McLaren not giving up on championship
Jenson Button was on the podium again with a second place for Vodafone McLaren Mercedes. The team had surely hoped for more as Lewis Hamilton started from pole and was controlling the race until a gearbox failure forced him to retire.
Jenson Button, MP4-27A-03, 2nd:
Fastest lap: 1m52.625s (+1.592s, 4th)
Pitstops: Two: laps 14 (3.73s) and 33 (3.33s) [Opt-Pri-Pri]
“It’s nice to be back on the podium – and, if I finish every remaining race in the top one or two, that’ll be perfect.
“During the first stint, I even thought I had a chance of winning because I was able to go longer than the cars around me. But then they didn’t seem to struggle much on the harder tyre, so the advantage swung away from me. I had a good second stint, but the harder tyre didn’t feel quite as good for me [as the softer tyre]. Then I didn’t really have good balance in the final 10 laps.
“I still have a slim chance of winning the drivers’ world championship, but I’m just enjoying my racing at the moment. I think our car will be competitive at Suzuka, and we’re doing a very good job as a team too. Of course, it’s disappointing that we had a reliability failure with Lewis’s car, so that’s something we need to solve, particularly as we’re doing such a good job in every other area.
“If we can solve our reliability issues, we’ll definitely have a chance of fighting for the win in all six remaining races.”
Lewis Hamilton, MP4-27A-04, DNF (gearbox failure):
Fastest lap: 1m55.541s (+4.508s, 19th)
Pitstops: One: lap 12 (2.94s) [Opt-Pri]
“It’s heart-breaking not to have finished the race today. We definitely had the pace to win this weekend. In fact, before I retired, I was cruising; just managing the gap back to Seb [Vettel].

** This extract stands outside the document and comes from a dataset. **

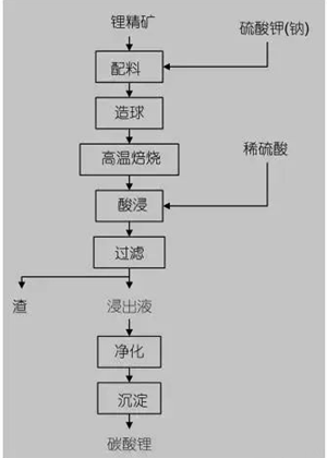硫酸鹽法常用于處理硅酸鹽礦物,但用于鋰礦石提取鋰時(shí),需要經(jīng)過鋰礦石與硫酸鉀(鈉)混合配料、造球、高溫焙燒,將礦石中的鋰置換成可溶性的硫酸鋰,經(jīng)稀硫酸浸出,浸出液經(jīng)凈化、沉淀獲得碳酸鋰。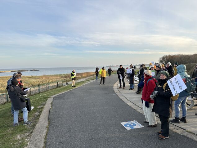 Mit den Herausforderungen eines maritimen Standorts kam die Abgeordnete dann an der Kugelbake hautnah zusammen, wo sie als Gast an der Mahnwache gegen die Elbvertiefung teilnahm, um so ein starkes Zeichen für Umweltschutz und eine nachhaltige Entwicklung an der Nordseeküste zu setzen.

“Then I started to experience difficulty with the gearshift, then I lost third gear, and then the ’box kept dropping into neutral. Obviously, I was disappointed, but the good thing we can take away from this weekend is that we have extremely good pace. As a result, I think we can really attack in the next few races. It’s going to be hard to close the gap to guys like Fernando [Alonso] and Sebastian [Vettel], especially when they keep finishing race after race, but I’ll never give up.
“There are six more races, and I need to go and win all six. I’ll fight until the end.”
Martin Whitmarsh, Team principal, Vodafone McLaren Mercedes:
“Until his run was curtailed by gearbox failure on lap 23, Lewis was driving towards what would have been the perfect end to a weekend throughout which his pace had been consistently awesome.
“Clearly, for him not to have been able to score the 25 world championship points that his pace looked like netting him was a great disappointment for all of us at Vodafone McLaren Mercedes. But, as TV viewers over the world will have seen from his post-race interviews, Lewis is a fighter and he won’t give up.
“Neither will we. There are six grands prix left to run this season – which equate to a potential 150 world championship points for any driver to score – and you should be in no doubt that Lewis will be aiming to get as close to that 150 target as possible.
“In the constructors’ world championship, too, Vodafone McLaren Mercedes remains very much in the hunt – bolstered in no small measure by the 18 world championship points that Jenson’s solid run to second place occasioned here today. We’ll keep pushing. Roll on Suzuka.”